PERSONAL MYSTERY DECORATIONS.
§ 44. The Omaha and Ponka have certain personal mystery decorations, some of which are worn on garments, and others appear on the tents of their owners. The makers and wearers of such decorations must be members of one of the orders of shamans. George Miller’s father, Little Soldier, used to wear a buffalo robe decorated in the style shown in Figs. 156 and 157. It was his personal mystery decoration, which no one else could use. Even members of his gens (the Ictasanda, a Thunder and Reptile gens) feared to imitate it. The father promised to paint this decoration on four white blankets for his son George, but he died before he could paint the fourth one.
FIG. 156.—George Miller’s personal mystery decoration.

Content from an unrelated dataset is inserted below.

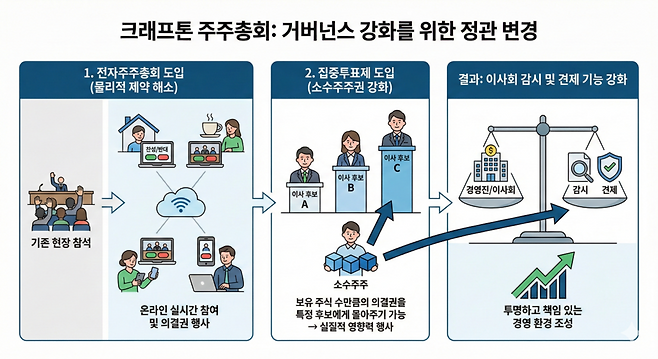 전자주총은 주주가 직접 참석하지 않고도 온라인을 통해 회의를 참관하고 의결권을 행사할 수 있도록 도입한 제도다. 집중투표제는 복수의 이사를 선임할 때 주주가 가진 주식 수만큼 부여된 의결권을 특정 후보 한 명에게 몰아줄 수 있도록 해 소수주주도 이사회 구성에 실질적인 영향력을 행사할 수 있게 한 장치다. 결과적으로 경영진에 대한 견제력을 강화하는 방법을 도입한 것이다.

George received the first one when he was about seventeen years of age. Before he married he had worn out three. He still has the right to decorate and wear the fourth blanket, according to his father’s intention. He could decorate other white blankets in this style, and wear them, if he wished, but he could not transmit to any one of his children (the grandchildren of Little Soldier) the right to make and wear such a decoration, unless George himself should hereafter see the objects in a dream or vision.
FIG. 157.—A variant of Fig. 156.
The right to use such designs on a buffalo robe, blanket, tent, etc., must originate with one who has had a vision or dream in which the mystery objects are manifested. Those who could use the class of designs represented in the accompanying illustrations (Figs. 156-161) were members of the order of Thunder shamans (Iñgȼaⁿ iȼa‘eȼĕ-ma).